Your task:
Find the line containing "и на северната" in the records below. Copy exactly that line and each one after it, ending at the line containing "- Mix the sweet", and nothing more.

Top of Data to process

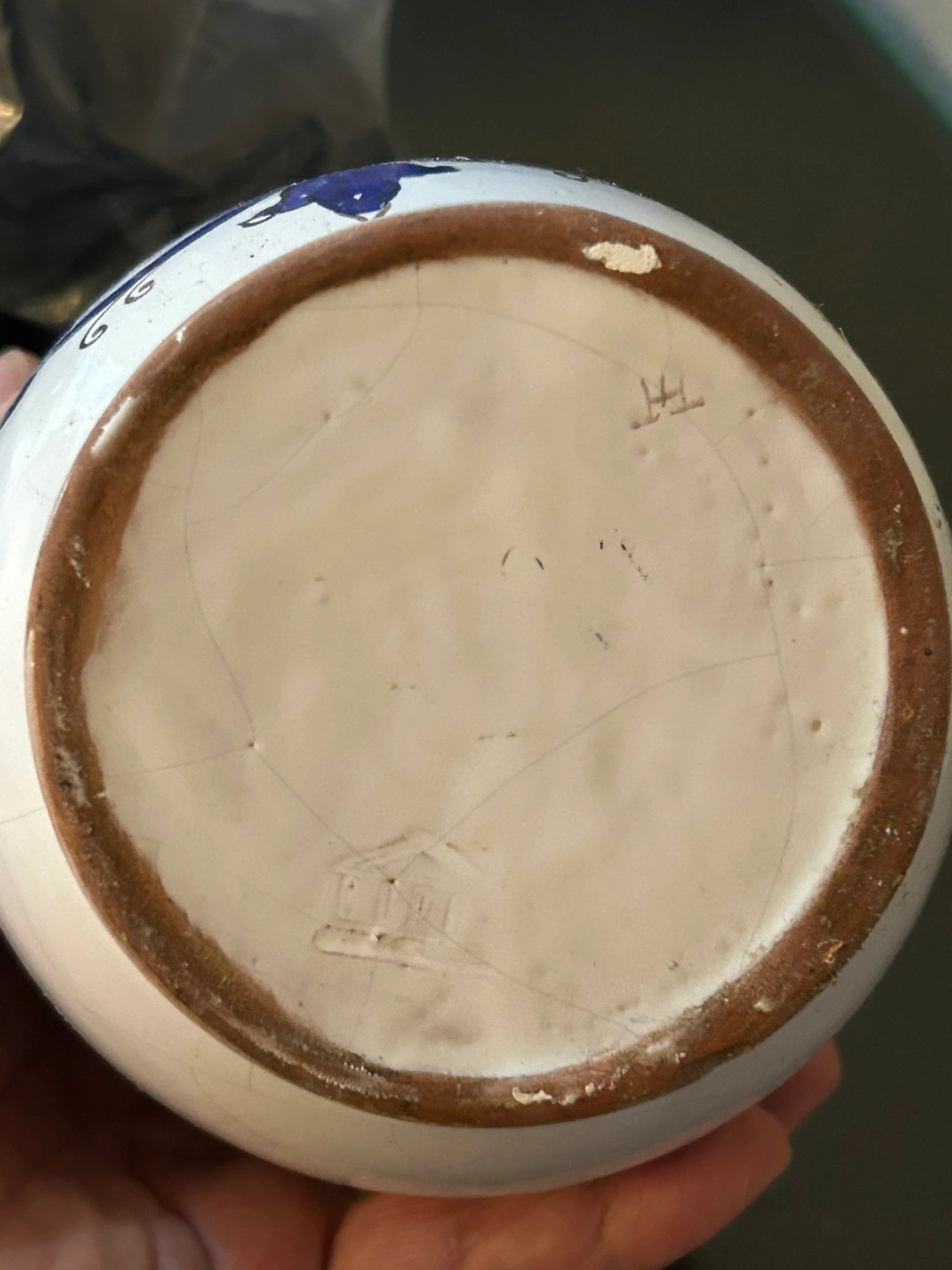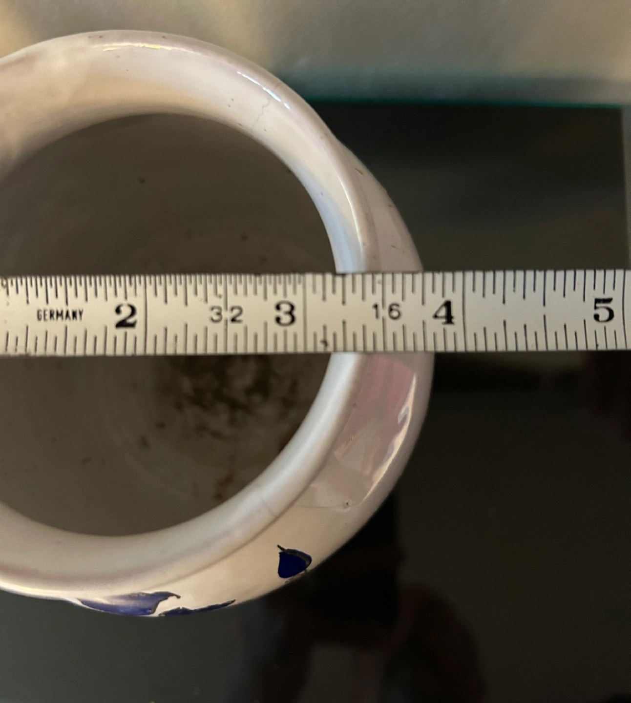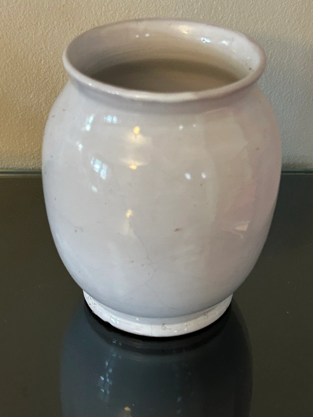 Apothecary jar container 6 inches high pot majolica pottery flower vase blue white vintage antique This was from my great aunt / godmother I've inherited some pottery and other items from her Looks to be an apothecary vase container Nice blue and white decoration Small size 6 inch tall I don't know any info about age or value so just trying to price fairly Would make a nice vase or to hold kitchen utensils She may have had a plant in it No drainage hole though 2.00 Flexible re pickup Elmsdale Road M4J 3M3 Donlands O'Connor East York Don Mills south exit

Bottom of Data to process
Top of Data to process

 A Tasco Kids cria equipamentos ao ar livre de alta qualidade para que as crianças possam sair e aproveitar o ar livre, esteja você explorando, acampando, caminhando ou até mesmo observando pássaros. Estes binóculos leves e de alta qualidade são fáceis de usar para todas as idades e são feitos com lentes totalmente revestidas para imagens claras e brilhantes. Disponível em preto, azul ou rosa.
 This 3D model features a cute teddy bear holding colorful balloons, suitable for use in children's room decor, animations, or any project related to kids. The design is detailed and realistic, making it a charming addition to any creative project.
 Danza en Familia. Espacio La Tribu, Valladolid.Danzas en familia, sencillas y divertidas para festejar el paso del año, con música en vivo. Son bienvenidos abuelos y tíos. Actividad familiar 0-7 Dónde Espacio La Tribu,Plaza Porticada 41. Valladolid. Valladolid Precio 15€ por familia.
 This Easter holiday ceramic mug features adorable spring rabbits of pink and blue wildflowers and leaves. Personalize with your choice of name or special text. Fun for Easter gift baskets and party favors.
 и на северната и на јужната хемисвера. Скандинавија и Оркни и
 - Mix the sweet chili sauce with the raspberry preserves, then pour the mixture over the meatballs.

Bottom of Data to process

Task solution:
 и на северната и на јужната хемисвера. Скандинавија и Оркни и
 - Mix the sweet chili sauce with the raspberry preserves, then pour the mixture over the meatballs.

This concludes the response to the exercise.